Both of these giant databases are increasingly important in detecting signs of climate change, as in a warmer world wild creatures are moving northwards, and natural events, such as the coming into leaf of oak trees, are happening earlier. Much other work at Monk's Wood includes the study and monitoring of invasive species such as the harlequin ladybird from Asia, recently established in Britain and now regarded as the most serious threat that Britain's native ladybirds have ever faced.
Dorset is Britain's wildlife "hotspot", with more species of wild plants and insects than anywhere else in the country and the research station at Winfrith takes full advantage of that fact. Two years ago, a team headed by its senior scientist, Jeremy Thomas, produced a paper that made headlines around the world.
Through a groundbreaking study of rates of decline among British birds, butterflies and wild flowers, it provided the strongest evidence yet that we are on the verge of a mass extinction of global wildlife - the sixth mass extinction in the history of life on Earth. (The point is that while the first five mass extinctions were caused by cataclysmic events, such as the comet or meteor believed to have wiped out the dinosaurs 65 million years ago, the sixth is being caused by man.)
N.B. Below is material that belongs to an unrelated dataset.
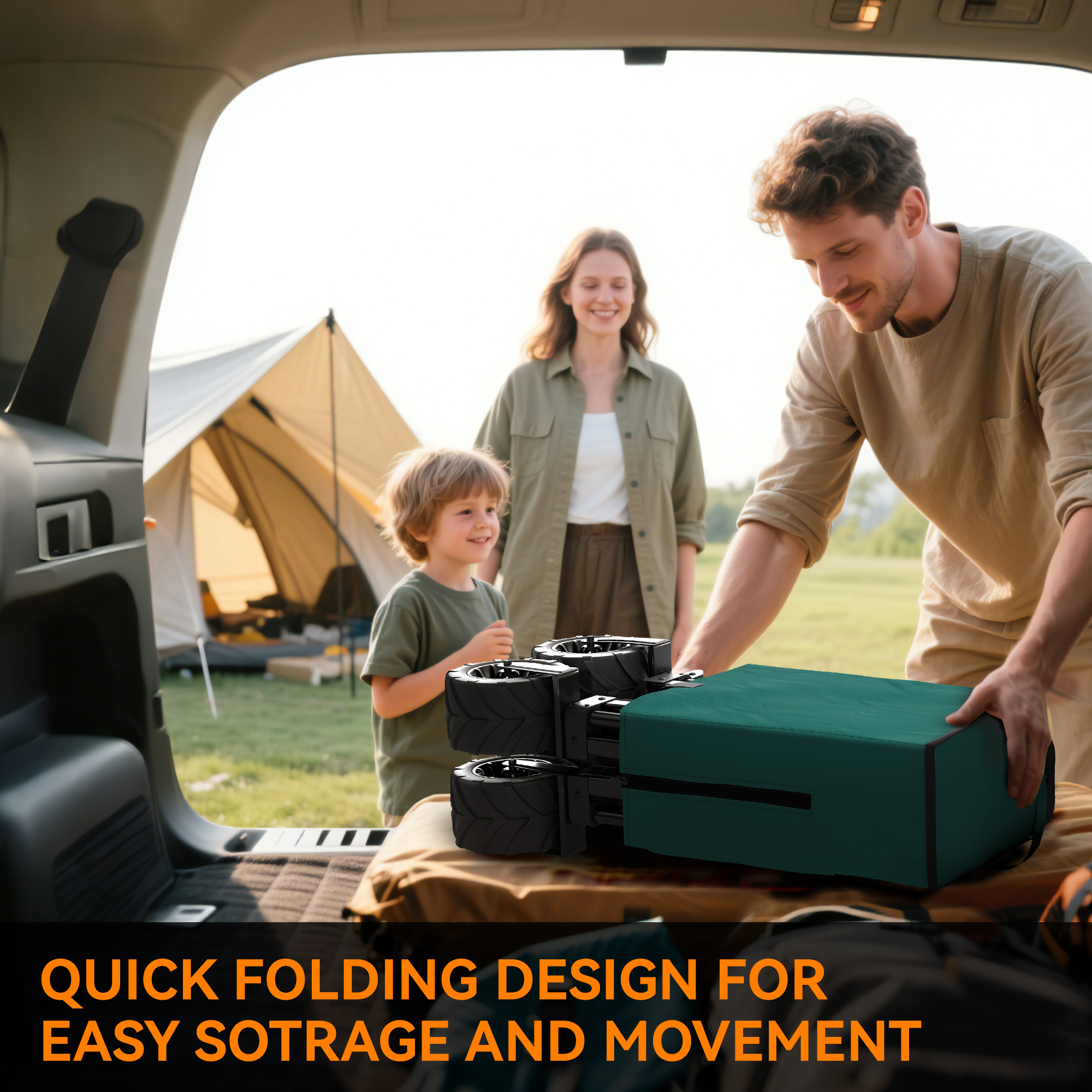 - Four wheels, two of which rotate around fully, to move the cart around on sand and solid ground

The paper by Dr Thomas and his team of scientists showed that nearly a third of native British plants have significantly decreased their numbers in 40 years, more than half of native birds have declined in just two decades and nearly three-quarters of British butterflies have fallen in numbers in 20 years. Some butterfly species, such as the small pearl-bordered fritillary (above), have virtually disappeared.
Banchory, near Aberdeen
One of the most alarming signs of the devastating effect global warming may have upon wildlife occurred in the summer of 2004 when, out of the blue, hundreds of thousands of seabirds in the northern isles, Orkney and Shetland, failed to produce any young. The spectacular breeding failure of huge numbers of guillemots, kittiwakes, puffins and other species is thought to be directly related to global warming, because rising sea temperature may induce the fish species they depend on, sandeels, to move further north.
Banchory's Sarah Wanless is now leading a team closely monitoring seabird breeding success and investigating the possibility that climate change may be fatal to some of our best-loved coastal species. Other Banchory scientists are looking closely at more Scottish wildlife, including red deer and red grouse.
The centre's Steve Redpath has helped to illustrate a key conservation problem - that hen harriers, the majestic bird of prey, cannot successfully coexist with an economically-managed grouse moor (because there is a surplus of grouse every year that is large enough for grouse shooters, or large enough for a hen harrier population to raise its chicks - but not large enough for both).